While it was said at the time that Vulcan Energy would deliver 6,000 to 17,000 tonnes of lithium annually to the French carmaker from 2026 onwards, there is now talk of a quantity of between 26,000 and 32,000 tonnes from 2026 onwards – not per year, however, but over the entire contract period of six years. That would be between 4,333 and 5,333 tonnes per year on average.
The agreed delivery start date remains 2026 – so far Vulcan Energy does not have a sufficiently large production plant. As reported, the company wants to filter and process lithium hydroxide contained in geothermal brine in Germany. Vulcan is not yet able to give any details on the financial scope of the binding order for one simple reason: No prices have yet been agreed. “Prices will be based on the market price on a take-or-pay basis,” the company writes.

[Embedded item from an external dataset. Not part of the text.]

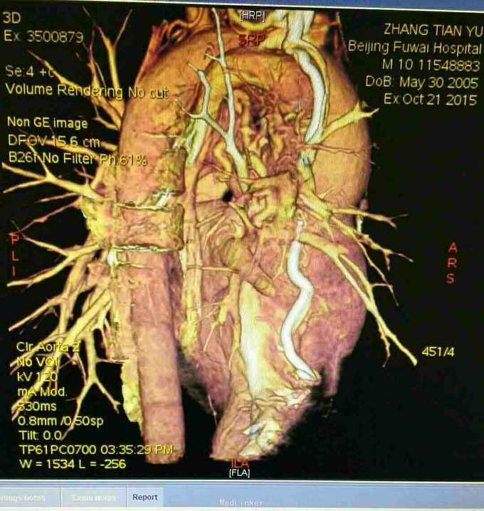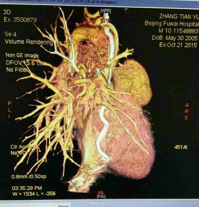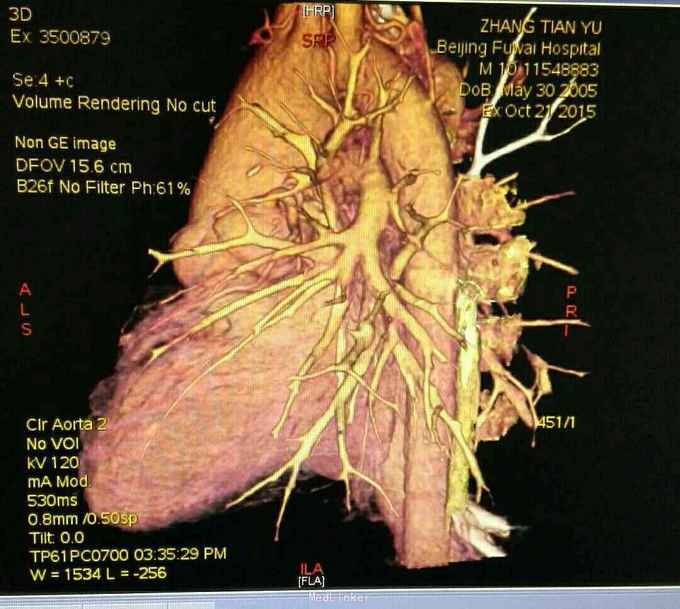 主诉 发现紫绀10年,双向Glenn术后9年。 病史 患者 男10岁,患者出生后即发现口唇紫绀,于当地医院行心脏彩超示 先天性心脏病 单心室 大动脉转位 肺动脉瓣重度狭窄,患儿1岁时因缺氧明显,故行双向Glenn术改善缺氧症状,术后患者紫绀明显改善,今年来患者活动后紫绀较前加重,有蹲踞活动量明显减少,故患者为行进一步治疗再次入院。

The company does not provide any information on the reasons for the reduced delivery quantities in the same press release. Instead, Managing Director Francis Wedin makes a statement very similar to the one he made in August. “For Vulcan, the agreement is consistent with our strategy to enter into long term, stable supply agreements with companies that share our ethos on sustainability and decarbonisation ambitions,” Wedin is quoted as saying. “We look forward to a long and productive relationship between Vulcan and Renault Group going forward.”
Renault also does not comment in detail on the change in supply levels. Gianluca De Ficchy, Renault Group’s head of purchasing, merely reiterates the company’s goal of reducing emissions in its supply chain by 30 per cent by 2030 – with the low carbon footprint of Vulcan-manufactured battery materials being of “critical importance” in offering the most sustainable vehicles on the market.
At the very end of its announcement, Vulcan Energy also states that the agreement includes “conditions precedent”: “The successful commencement of commercial production and full product qualification”.
In October, Australian-listed Vulcan Energy had been the target of a short-seller attack. Short-seller J-Capital accused Vulcan of misleading its shareholders with implausible assumptions – specifically, overstating the amount of brine that could be extracted and how much of the lithium it contained could actually be filtered out with available processes.